ETC2 Brings New
E. coli Testing Technology to Market

E coliThe Environmental Technology Commercialization Center (ETC2) was established in 1998 as a cooperative agreement between Battelle Memorial Institute and the U.S. Environmental Protection Agency’s (EPA) Federal Technology Transfer Office. In its role as a technology intermediary, Battelle’s ETC2 assists industries in licensing EPA technologies that may expand their business opportunities. Recently, ETC2 has been working with a new technology that offers improvements in the area of total coliforms and E. coli testing in the drinking water and food and beverage industries.

Foods, drinking water, and other beverages must be free of microbial contamination from pathogens in order to protect human health. Total coliforms and Escherichia coli (E. coli) are routinely monitored microorganisms, which may indicate the presence of pathogens in food, drinking water, and beverages.

Over the past 10 years, scientists have shown that it is possible to formulate a culture medium to simultaneously detect both total coliforms and E. coli in food or water samples. The media are based upon the specific enzyme activity of the target organisms on fluorescent or chromogenic indicators. The enzymes produced by the coliforms or E. coli hydrolyze and react with the enzyme substrates in the medium to form fluorescent and/or colored products. By combining two indicators into one media, it is possible to simultaneously detect the presence or absence of either total coliforms or E. coli or both.

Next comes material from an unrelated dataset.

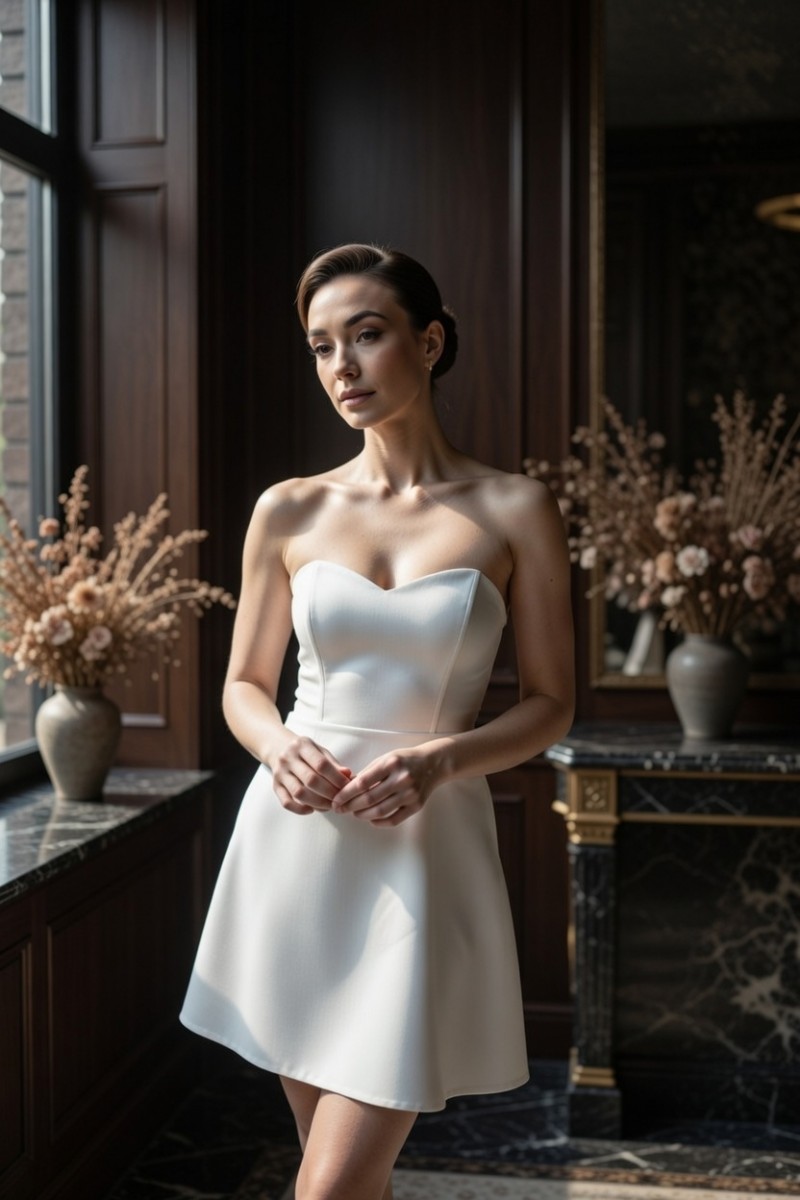 Белое платье мини с открытыми плечами
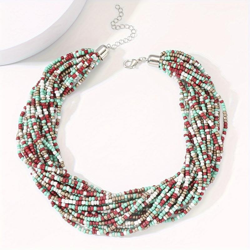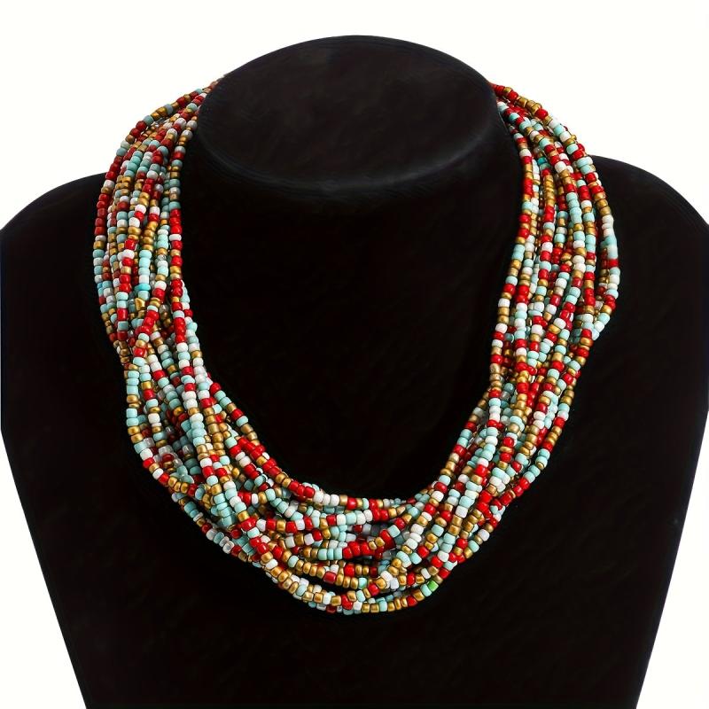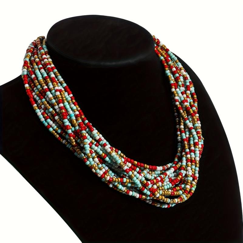 Elevate your style with this stunning Bohemian beaded necklace featuring a mix of turquoise, red, and colorful beads. Perfect for daily wear, vacation, and parties.

In 2000, the U.S. EPA obtained a patent on a membrane filter medium (MI Agar) that can be used to enumerate both total coliforms and E. coli or indicate the presence or absence of them. Testing with MI Agar can be applied to food or drinking water products, or applied to in-plant quality control testing.

MI Agar is a unique combination of two enzyme substrates (a fluorogen and a chromogen), a selective base agar, and an antibiotic inhibitor in a membrane filter medium. Application of MI Agar is relatively simple. A liquid sample is passed through a membrane filter. The filter, which retains the bacteria present in the water sample, is placed on MI Agar, incubated, and then examined. Results are usually available in 16-24 hours, and some positives may be detected in as little as 9 hours.

Licensees of the technology can capitalize on the technology’s already existing value. As an example, MI Agar is already approved for monitoring drinking water under the Total Coliform Rule and for source water under the Surface Water Treatment Rule. This significantly reduces the time to bring the product to market in the drinking water industry.

In addition, MI Agar’s ability to provide qualitative and quantitative results is an advantage over simple presence/absence tests presently used in the food, drinking water, and beverage industries.

During 2000, Battelle’s ETC2 facilitated both a non-exclusive license and a Cooperative Research and Development Agreement (CRADA) for S&S Biopath with the U.S. EPA. A subsidiary of Schleicher & Schuell, S&S Biopath is a scientific products company that offers a variety of inspection and safety products designed for home use, as well as the various industries that handle and prepare food and beverages, including bottled and fountain sodas, drinking water, wines, and beers. Additional licenses with other companies are expected to follow.

Due to Battelle’s licensing facilitation, S&S Biopath is already offering the MI Agar product for sale to its customers. In addition, S&S Biopath is working to develop other forms of the MI Agar by embarking on a CRADA to work with the U.S. EPA researchers who invented MI Agar. Collaboration with the U.S. EPA will speed the new product development and the new products will allow S&S Biopath to bring new easier to use versions of the media to their customer base.

EPA is very pleased with the results of Battelle’s ETC2 program. As Larry Fradkin, the Director of U.S. EPA’s Federal Technology Transfer Act Office, explains, “The License/CRADA combination is really a win/win deal for both U.S. EPA and S&S Biopath. U.S. EPA ensures that a new improved technology for protecting human health reaches the market in a timely fashion, and S&S Biopath expands and improves their product line while working with the expertise of the U.S. EPA to speed the process.”

S&S Biopath is very pleased with the new product and the research opportunities made available to them through ETC2. “We’re very excited to be the first company selling MI Agar—ETC2 assistance to S&S Biopath during the licensing process helped to speed our release of the new product,” reports Joseph Small, president of S&S Biopath. “Our plans to develop other forms of the media should expand sales even further. It’s a great help to us to have U.S. EPA expert input as we develop these new forms.”

Kris Brenner, a U.S. EPA microbiologist and co-inventor of MI Agar with colleague Cliff Rankin says, “We’re glad to see that the product we developed is now commercially available. It’s an improvement in the methods used on a daily basis to protect our drinking water.”